After lunch, I visited the site of Sardis – the capital of the ancient kingdom of Lydia. Walk the Royal Avenue and see the site of the Church of Sardis built on the foundations of the Temple of Artemis.
To top the day off I visited another of the seven Churches; the Church of ancient Thyatira (Alasehir), set in an ancient commercial town with strong ties to Troy and Sardis.
8 September – I started the day of the 8th September by visiting Pergamon (Bergama), about whose church St. John had written that ‘Satan’s throne is sited’. As with most of the Churches, seeing this Church in the flesh helped me to understand more deeply some of the allusions made in these letters.
After this, I visited the ancient city of Troy. It was fascinating to discover more of the history of this, one of the most famous cities of the ancient world. Many ruins from the different eras in the city’s history remained remarkably well intact.
Perhaps the most moving and memorable part of the day for me was visiting a memorial in Gallipoli to the many fallen soldiers, including my great-great uncle, Harry Coops.
Having finished my tour of the seven Churches, I spent a few days in Istanbul. Some of the highlights of my time there include time spent with the Anglican chaplain for Istanbul, who kindly took me for lunch one day and visiting some of the many sites of historical interest. In particular the Aya Sofya and the Blue Mosque.
It was very interesting for me to hear more about Istanbul’s religious history. Istanbul (previously called Byzantium and Constantinople) was one of the cultural capitals of the ancient world and was highly sought after by competing religious and political factions.
For a time, Istanbul (then Constantinople) was one of the centres of early Christianity; hosting many of the most significant events in the early Church, including the famous ecumenical council of 381, in which the decrees of Nicaea were affirmed and extended.
In the muslim conquest of 1453, the city was taken over by islamists and many of the historic places of worship were repurposed for use within Islamic worship. This can be seen in many of the historic sites I visited in Istanbul, in which former Churches and Cathedrals, some of which still have Christian paintings, have been transformed to house Islamic symbols and worship.
The highlight of my time in Turkey has got to be the time spent exploring Cappadocia.
Cappadocia has the perfect blend of stunning natural beauty and fascinating historical sites, most especially Early Christian history.

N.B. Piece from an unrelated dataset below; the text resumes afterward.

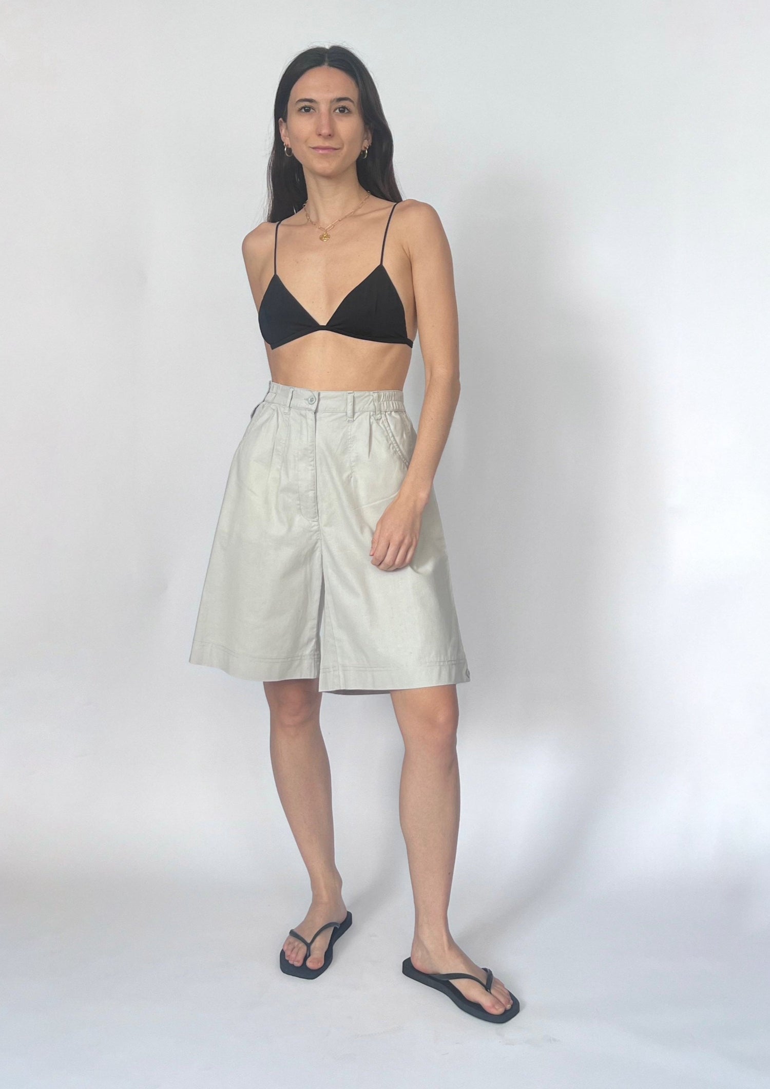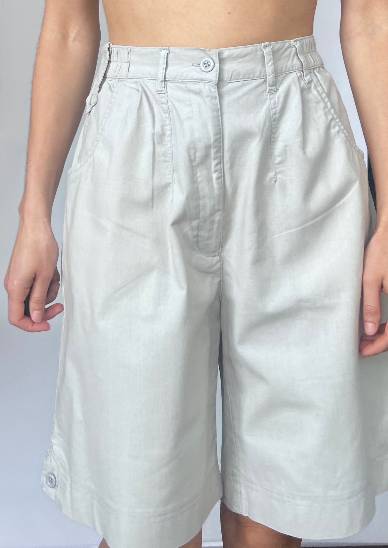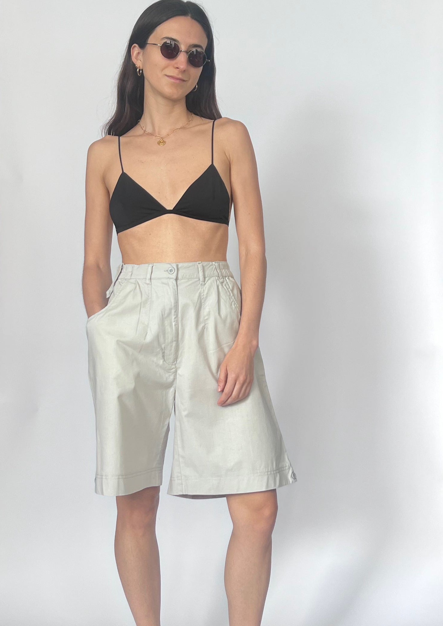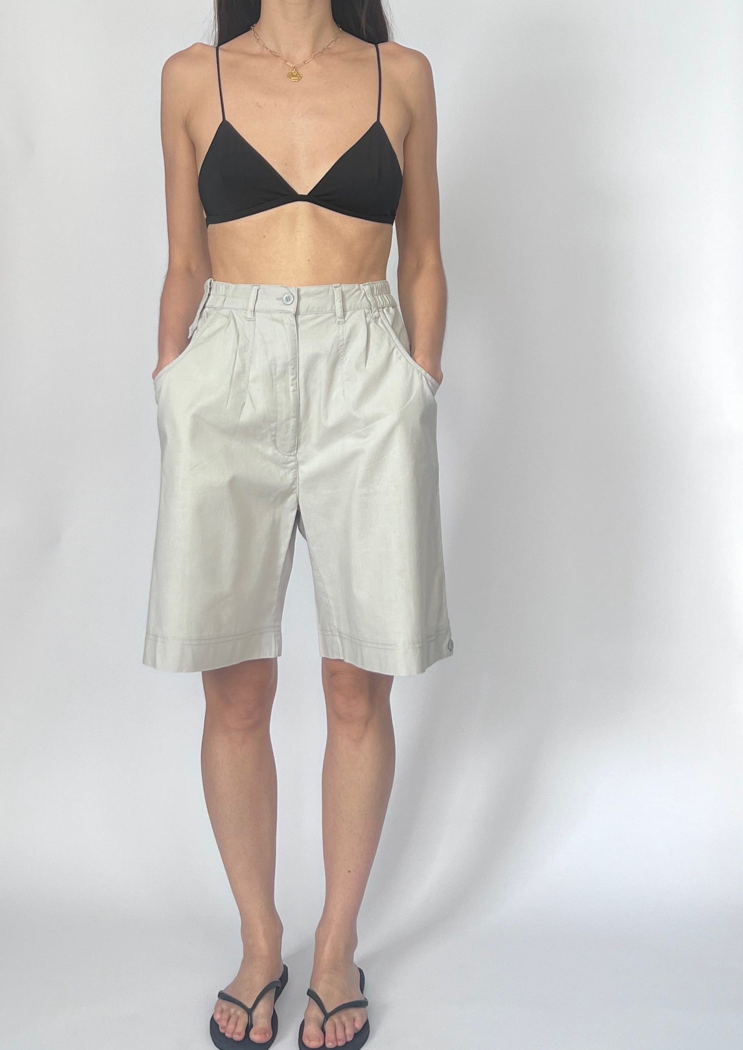 Vintage 90s cream bermuda shorts. Features a zip and button fastening at front, side pockets and a relaxed shape.

The insight guide to Turkey says of Cappadocia “Many visitors only make a brief excursion to the cones and rock Churches of Goreme, and spend an hour or two in Zelve or Ihlara. That’s a pity because Cappadocia is best explored in a leisurely fashion on foot, by car or on a bicycle.” I couldn’t agree with this sentiment more; the leisurely hours spent exploring the beautiful surroundings of Cappadocia were every bit as enjoyable and informative as the hustle and bustle of the guided tours there.

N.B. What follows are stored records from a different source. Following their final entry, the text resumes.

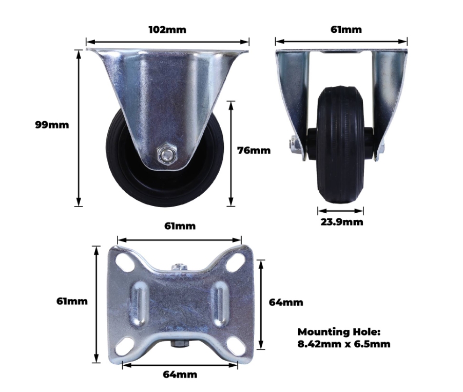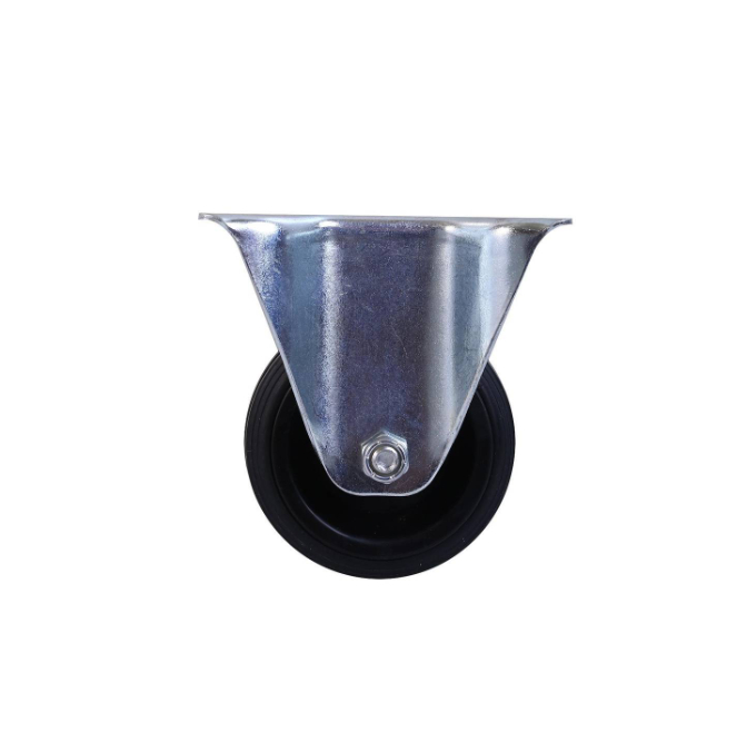 Key Features:- Engineered fixed wheel featuring a robust black rubber design with zinc plated top.
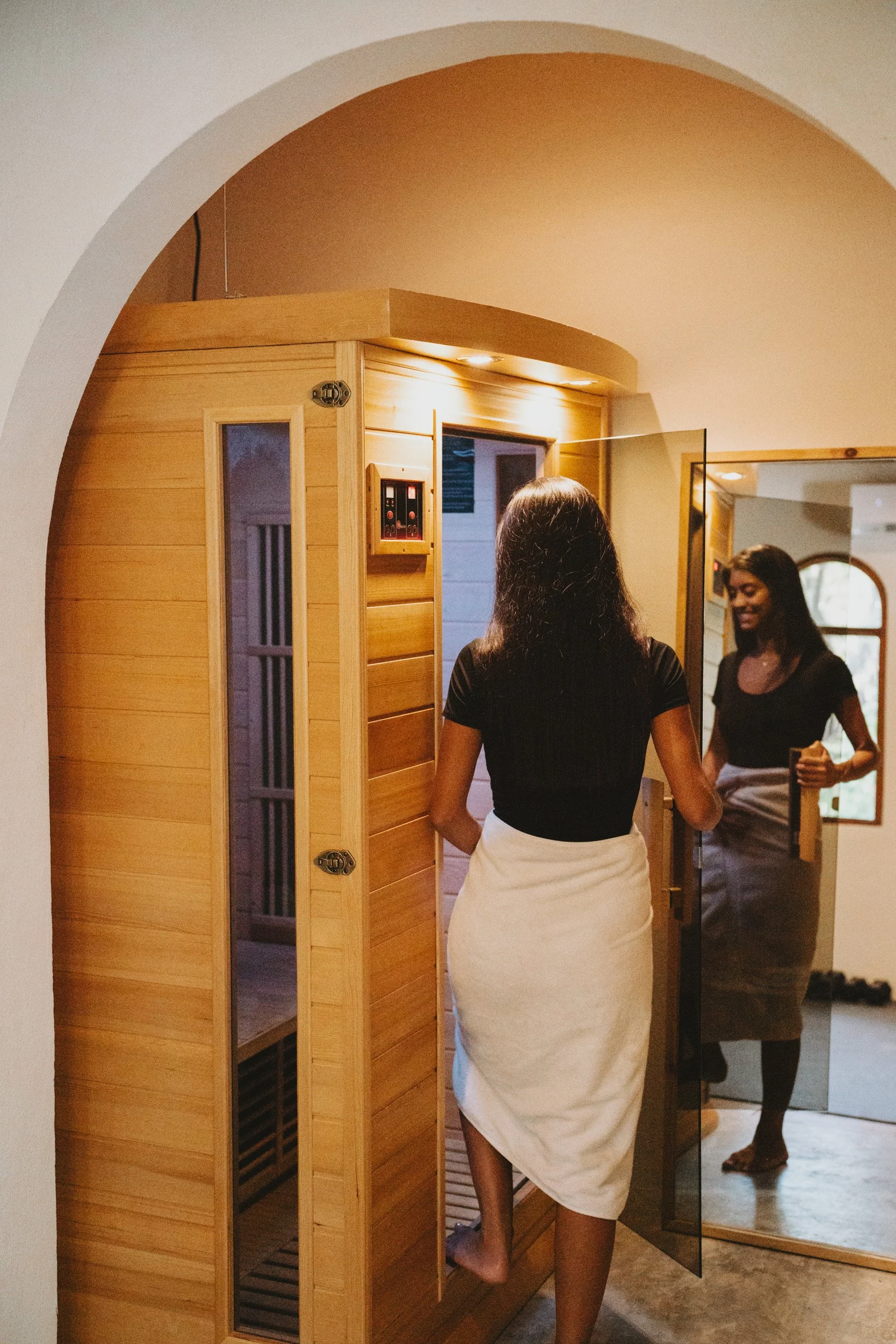 Uses infrared heaters to emit infrared light, which is absorbed by the body to produce heat. Infrared heat can penetrate deeper into the body compared to traditional saunas. This deep tissue penetration allows for increased sweating and detoxification at a cellular level. It can help release toxins, heavy metals, and other impurities from the body.
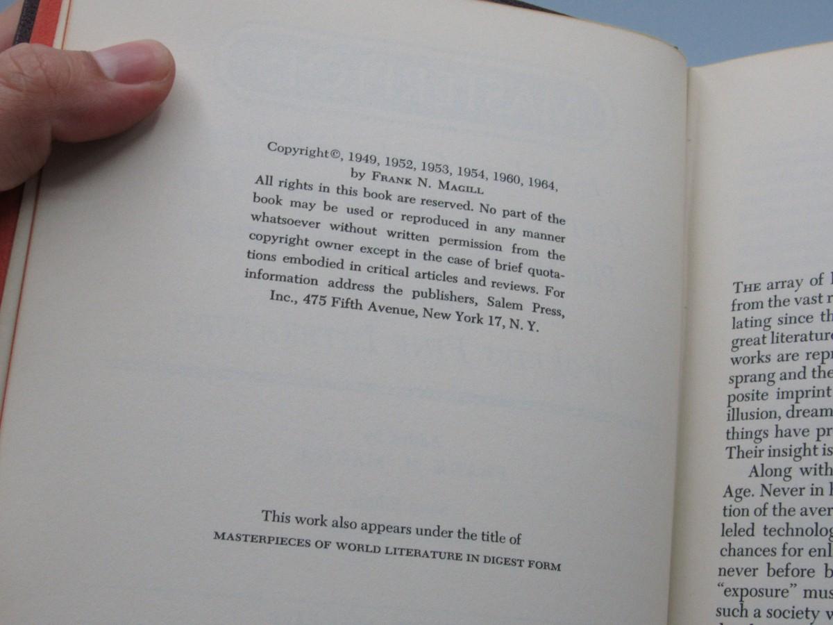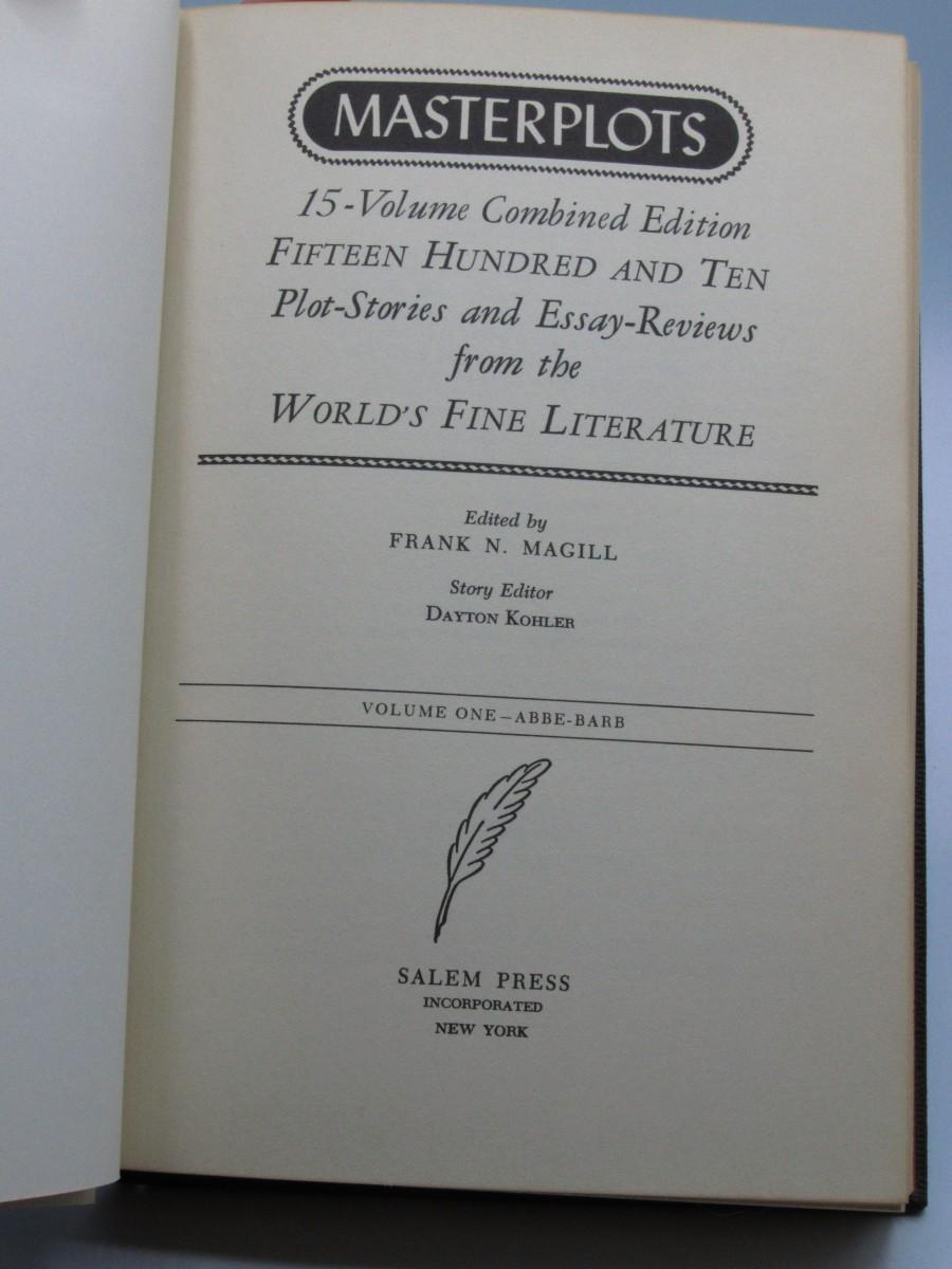 Vintage Book Masterplots Plot-Stories and Essay Review From the World's Fine Literature Volume One

Some of the highlights of my time in Cappadocia included visiting the many cave Churches and cave cities constructed by early Christians, both with tour guides and roming more freely on my own, enjoying the local food and atmosphere and trekking in the stunning mountains.

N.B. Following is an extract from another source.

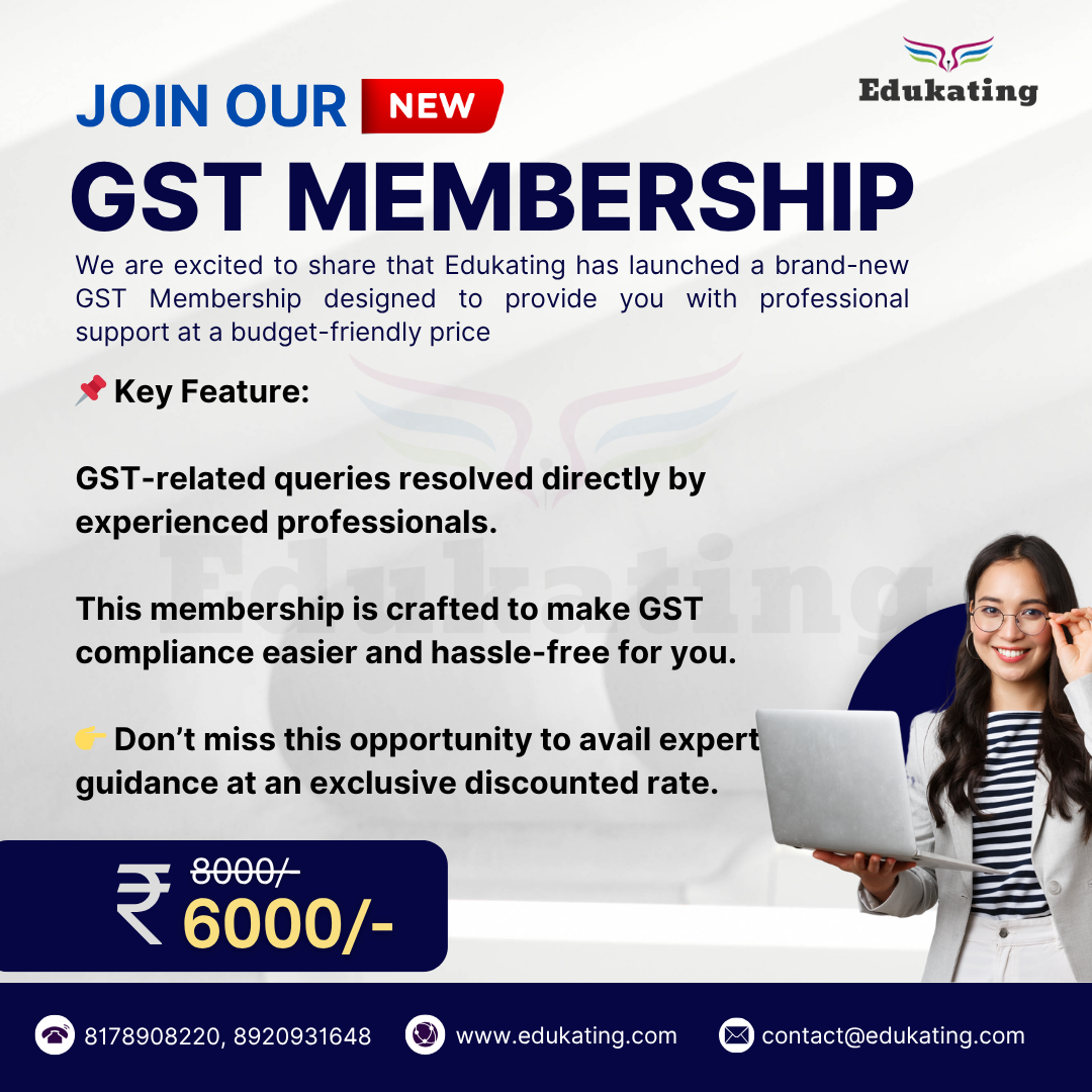 We are thrilled to introduce Edukating’s all-new GST Membership, designed to help professionals, business owners, and learners stay ahead in the world of GST with expert assistance and continuous support.
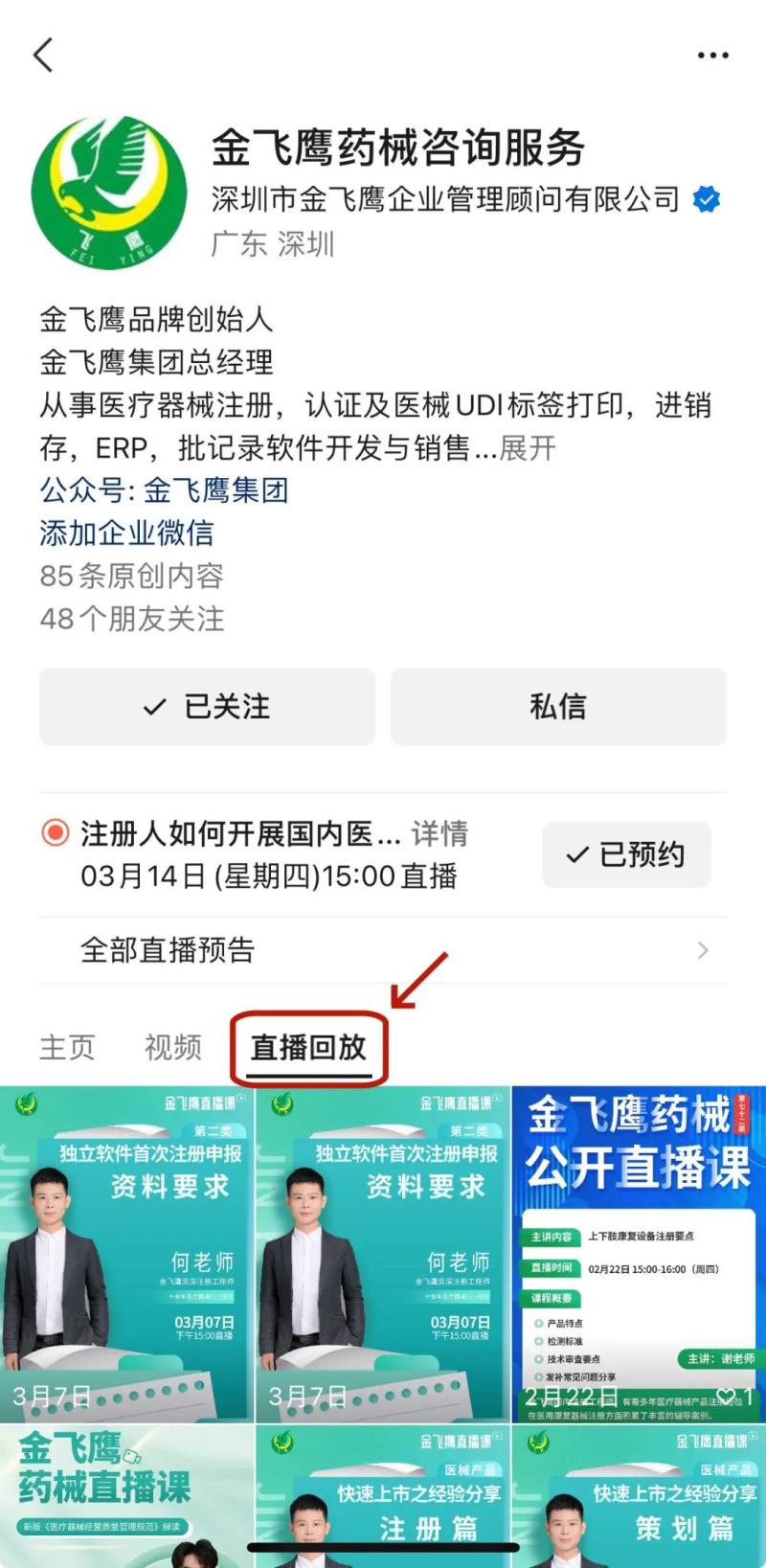 往期直播培訓課程支持回放,關(guān)注“金飛鷹藥械咨詢服務”視頻號并點擊視頻號主頁,即可查看“直播回放”哦~

However, the most memorable experience in Cappadocia was the early morning hot air balloon trip. The views of the whole region and of the sunrise were breathtaking.
Time spent in Cappadocia was probably the most interesting from an academic perspective as well. With its multiple caves and other hiding places, Cappadocia became something of a refuge for Christians fleeing persecution from the 4th Century onwards and exploring these Church buildings brought the experience of early Christians to life in a new way.
It was an immense privilege to travel in Turkey. I gained not only an appreciation of the context of much Early Church History but also a greater understanding of the thriving Turkish culture. I am therefore hugely grateful to the Roger Short memorial fund for giving me such an incredible opportunity.